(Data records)
● ● ● ● ● ● ●
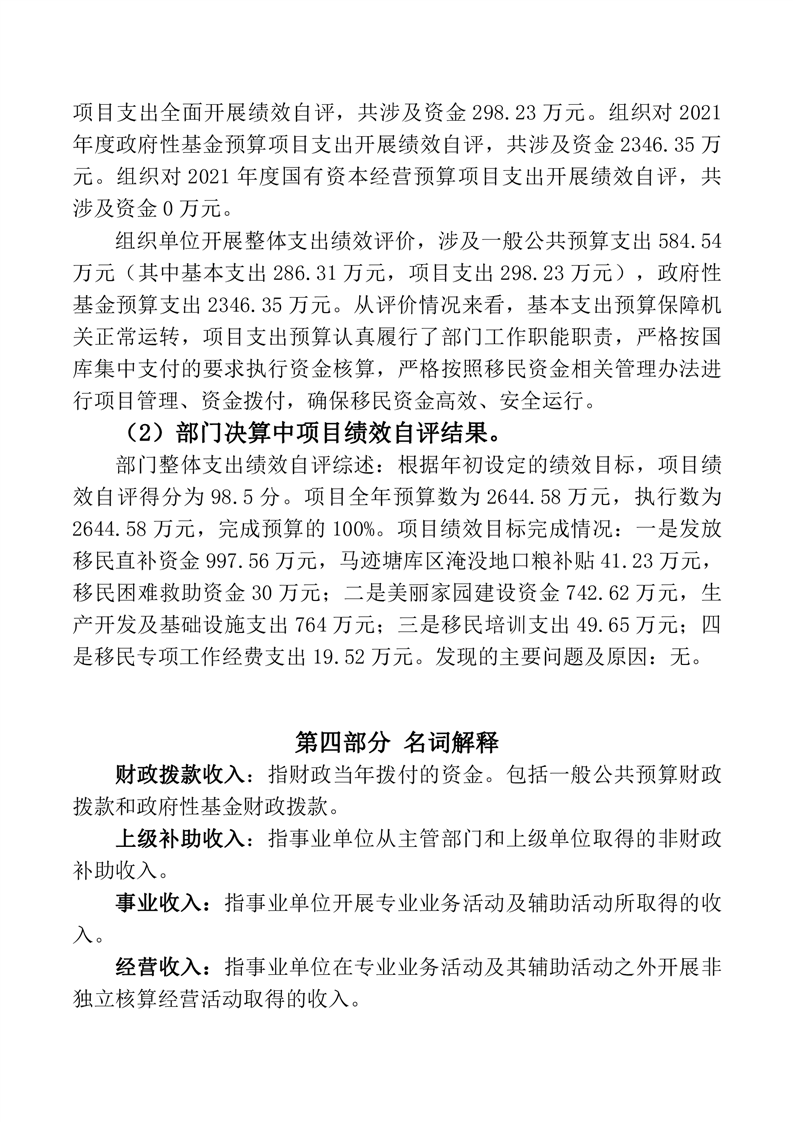 2021年度中央水库移民扶持基金绩效自评报告.docx
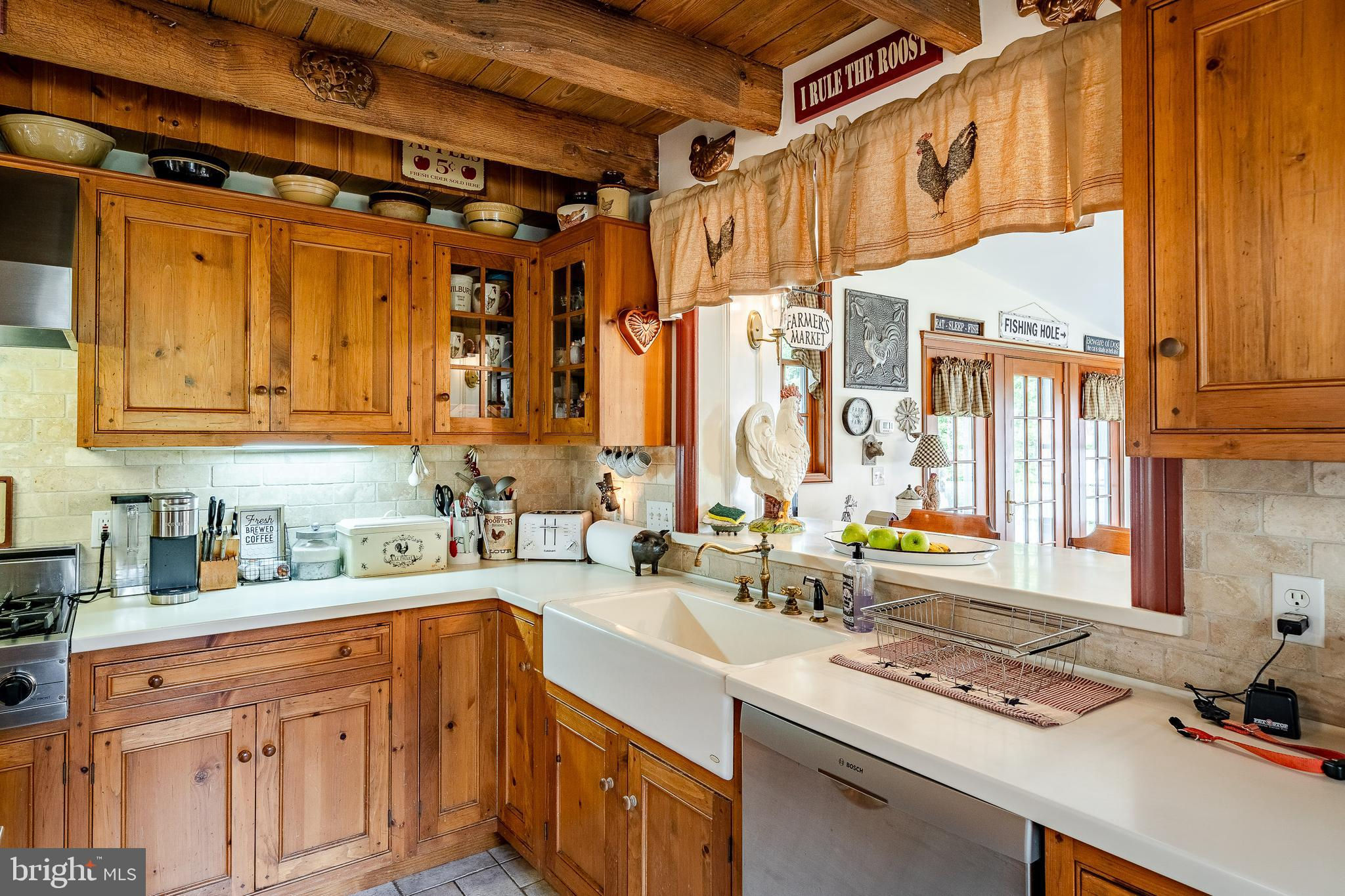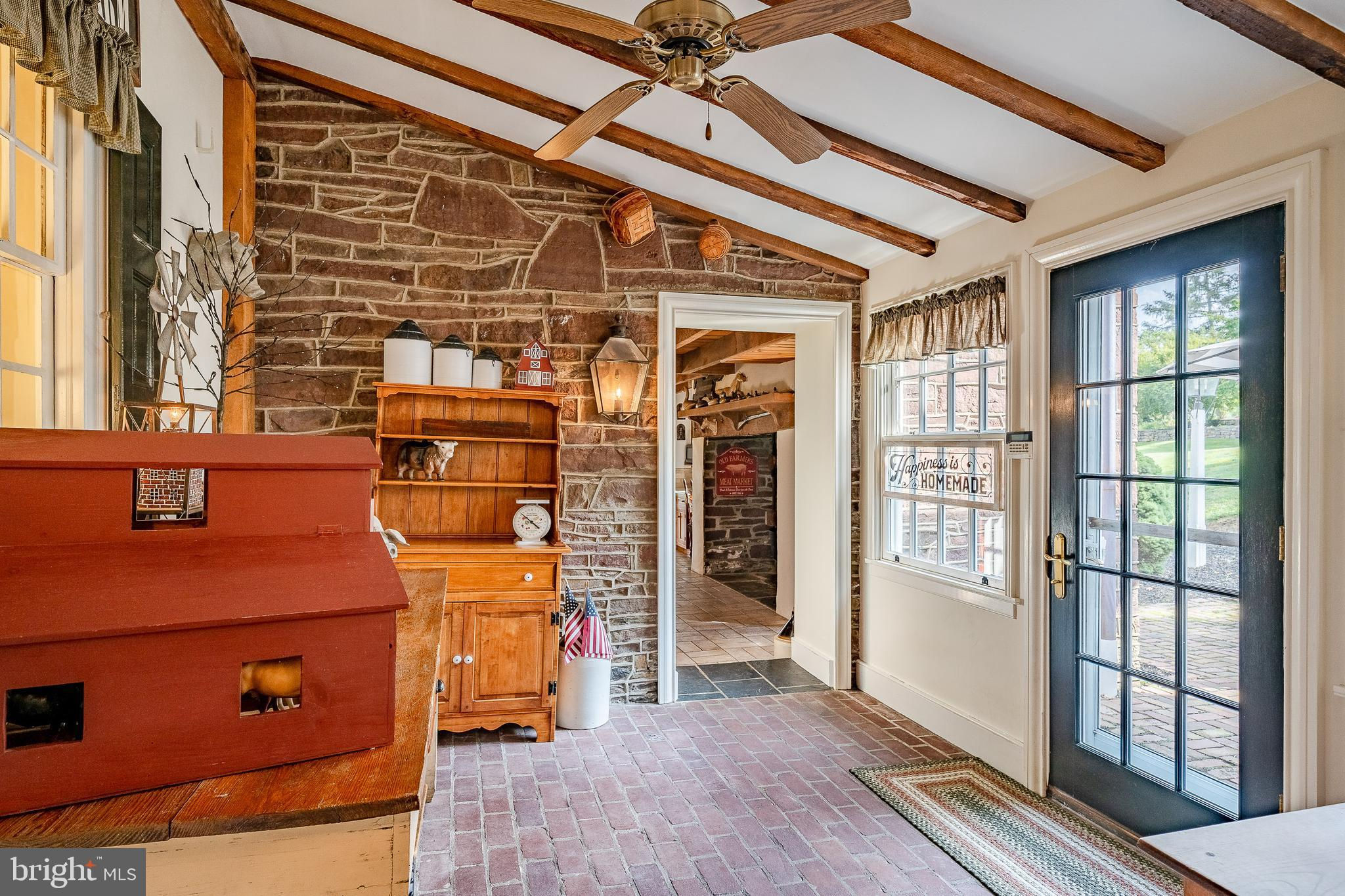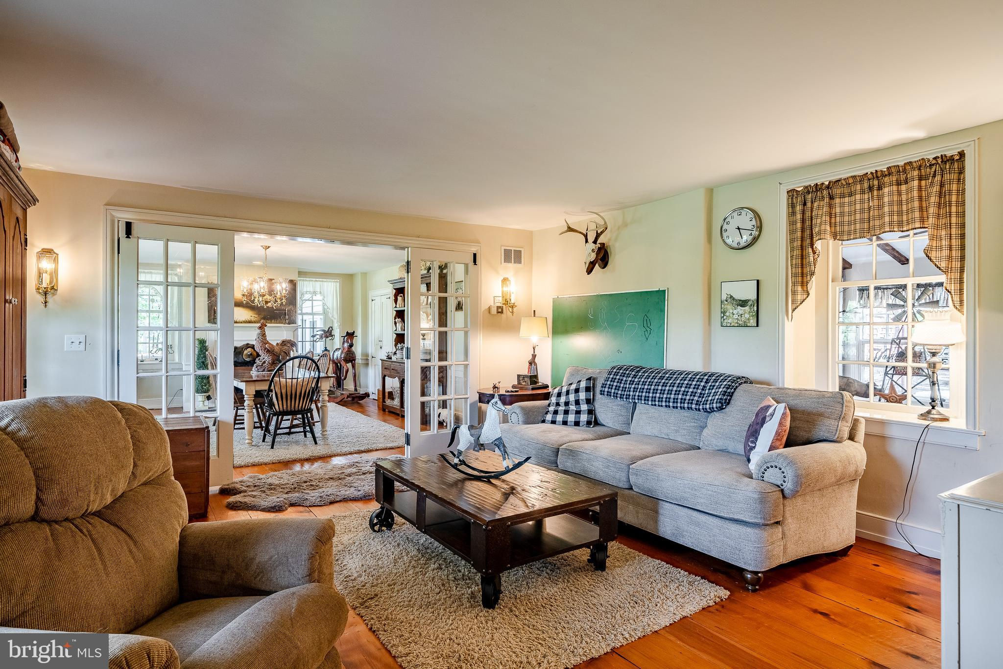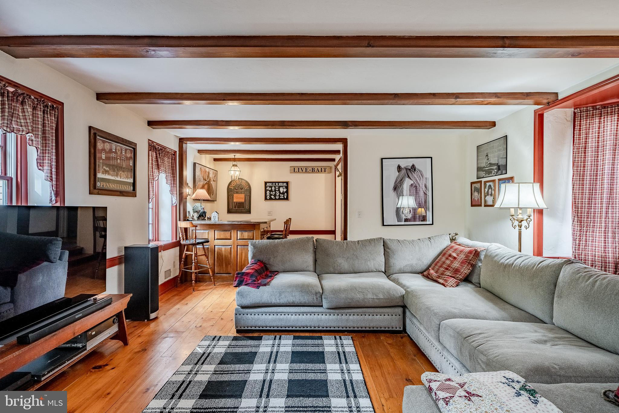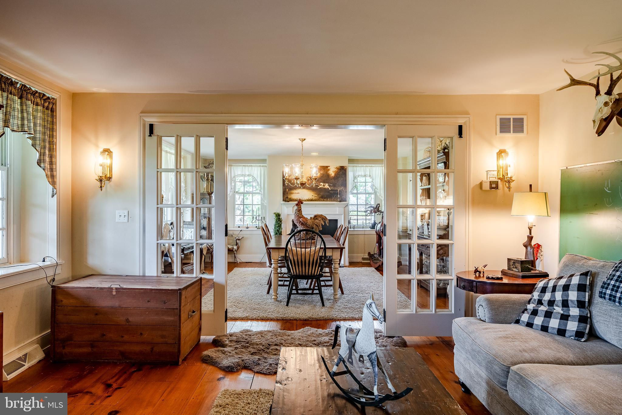 This charming, historic 1700's farmhouse home sits in a tranquil setting in Worcester Township. The sweeping driveway takes you over the re-built, professionally engineered bridge overlooking the gorgeous 8ft deep aerated pond, fully stocked with Bass and Catfish! Relax on your recliners on the IPEdock enjoying the wonderful scenic views. The home has been beautifully updated throughout. The workmanship has paid special attention to maintaining and complementing the original style and era of the home throughout, with random-width pine hardwood floors, crown moldings, updated bathrooms and so much more! The kitchen features stainless steel appliances, corian countertops and custom cabinets, yet captures the old world feel with wooden beams and a huge walk-in fireplace. The back of the house has an addition behind the kitchen which is used as a breakfast/dining area. Both the kitchen and this breakfast room have radiant heated floors. Off the kitchen is the formal dining room with a fireplace beaming with natural light from the wall of windows overlooking the pond; a perfect spot for entertaining guests! This flows into the cozy den which is just off the entryway. Plus there's a huge family room with a wood beamed ceiling, fireplace and built-in bar area. The mudroom is conveniently located off the kitchen and offers more of that farmhouse charm with brick tiled floors and walls and wooden beams.The pretty powder room, front staircase and opening the ceilings to expose the beams were updates by the current owners. To the right side of the home there is a three-story addition built by the owners, which includes a huge office on the main floor with French doors and a private IPE deck. Below on the lower level is a finished walkout basement with French doors which give access to the original basement that has storage and houses the utilities with 2 water heaters, 400 amp electric service, 5 zone A/C 6 zones for heat. The property has natural gas. The house renovation included all new systems – plumbing, electric, HVAC etc. and has a generator which powers the entire property including the house and all the outbuildings. The upper level of the addition is the master bathroom/dressing area with large walk-in closets. The 2nd floor has 4 bedrooms, with a spacious primary suite with its own cozy fireplace and plenty of closets that leads to the ensuite bathroom with double vanity, soaking jacuzzi tub, glass shower stall and French doors that open to a Julitte balcony overlooking the lush landscape. There are 3 more bedrooms and a hall bathroom with double vanity and tub/shower combo. The main house has all newer Pella windows and doors in 2022 had a new roof including cedar shake shingles, standing seam copper, copper gutters and downspouts at a cost of $200K. Sit on your lovely covered, wrap-aroundporch and take in the beauty of your surroundings. Enjoy the renovated, inground pool with decking and a quaint cabana (also renovated) which has a kitchen area, shower/powder room and changing area making entertaining pool side a breeze with built-in outdoor brick grill ovens! Touring the rest of the property, you'll find a large barn with 8 stalls that are totally rewired. There are 2 other outbuildings, one of which is a 40ft x 60ft Quonset Hut which currently houses the owner’s classic car collection;this building is heated and insulated. Within the last 10 years, the Quonset Hut, barn, and Lean-To have had new standing seam metal roofs and cypress siding installed. The cabana also has a new cedar shake roof. The Quonset Hut, barn and cabana have cupolas. The owners added a $120K dam when the pond was dredged taking it from 4ft to 8ft deep. The land is filled with meadows and trails perfect for horse riding, hiking and observing nature and abundant wildlife. Minimum 10 acres included, additional acres to be determined based on conversations with Worcester Township
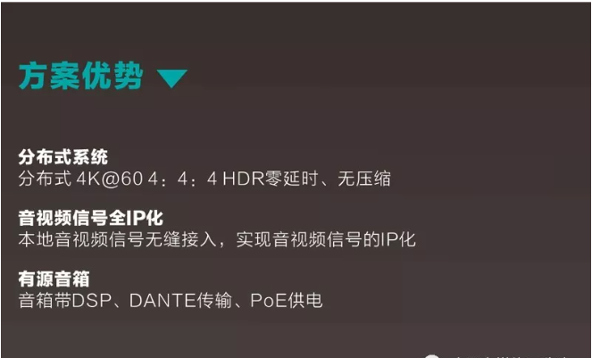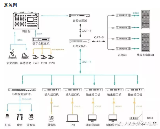 現代型會議室最基本的用途是開圓桌討論會議、視頻會議、專題匯報會等。因此需要滿足會議語言類的擴聲和視頻顯示的功能。同時如果作為分會場使用時需要滿足把主會場的音視頻信號實時的發送到會議室來。
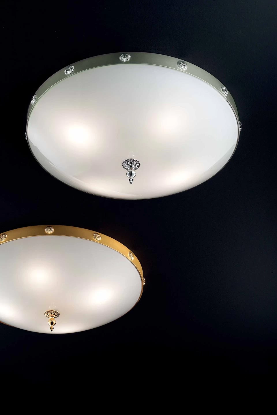 Beau plafonnier finition chrome de la collection classique Elegantia, qui porte son nom à merveille, le modèle est doté d’un cadre rond de métal chromé parsemé à intervalle régulier de moulures florales, ainsi que d’un dôme de verre blanc qui permet la diffusion d’une lumière vive et homogène. Le dôme est agrémenté d’une graine de métal argenté qui vient ajouter une touche chic au modèle. La maison italienne Masiero réalise un parfait mariage entre l’esthétique vénitienne classique et la créativité permise par les innovations technologiques, pour une collection élégante et pléthorique.
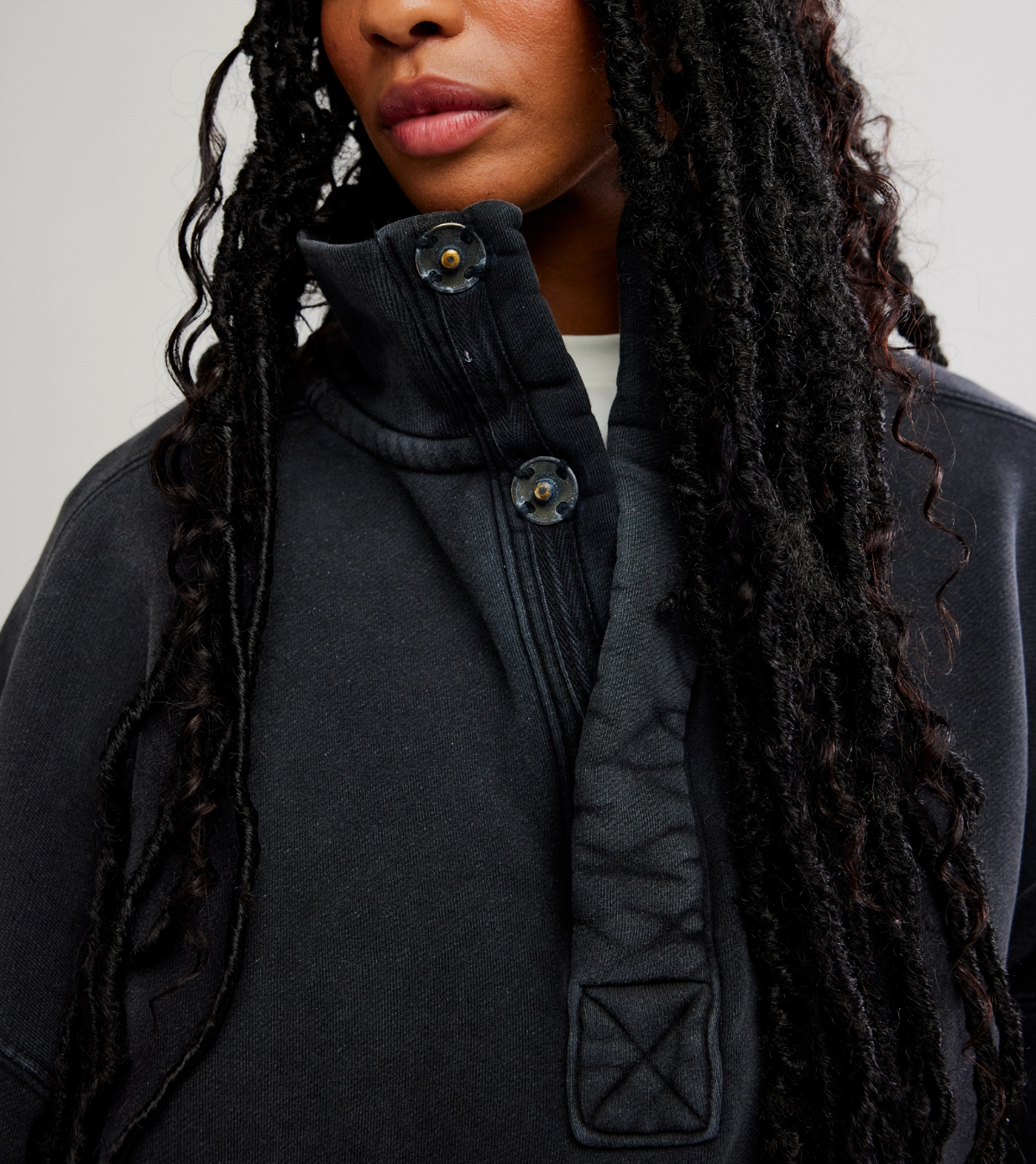 So cozy and essential, this wear-everywhere pullover features a funnel neck design with quarter-button detail and ribbed trimming for added dimension.
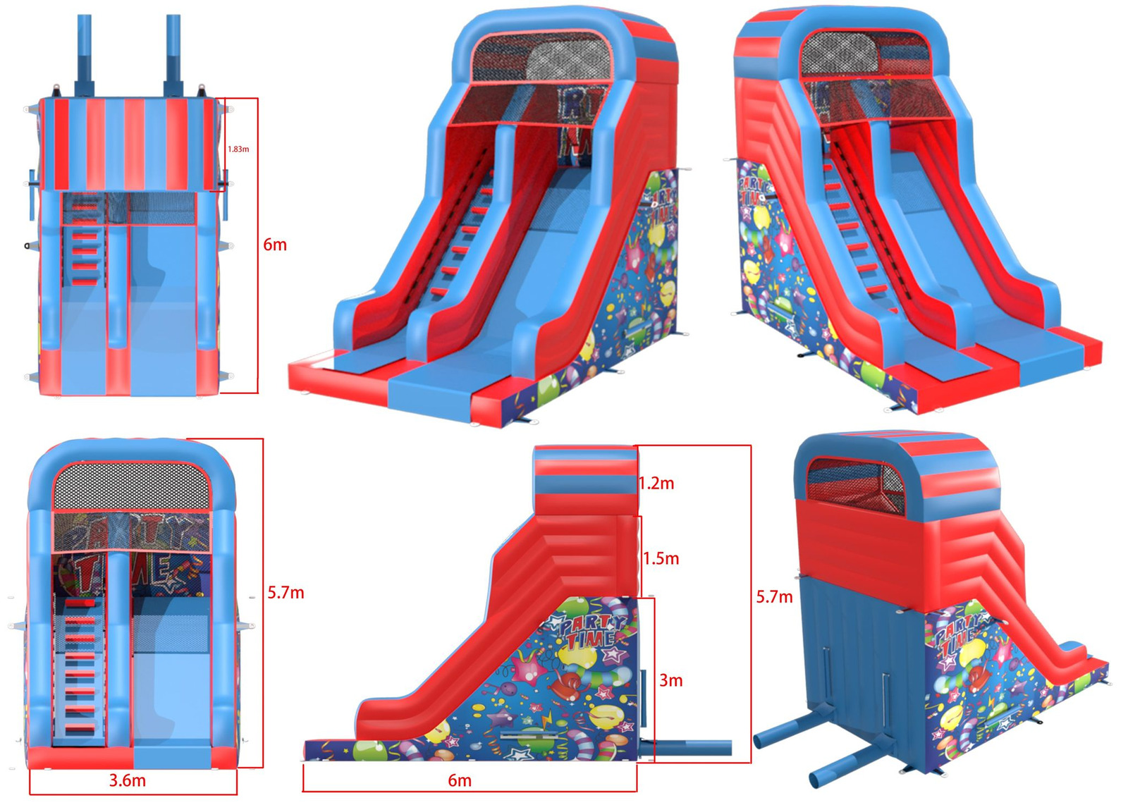 BBOL-100 - 15x10x13ft - 6.5ft platform Super slide - (Red & Light Blue Partytime)
● ● ● ● ● ● ●
Beginning with the line that contains "So cozy and", write out every line through the last one in the records, exactly and without pictures.

> [Response for this exercise]
 So cozy and essential, this wear-everywhere pullover features a funnel neck design with quarter-button detail and ribbed trimming for added dimension.
 BBOL-100 - 15x10x13ft - 6.5ft platform Super slide - (Red & Light Blue Partytime)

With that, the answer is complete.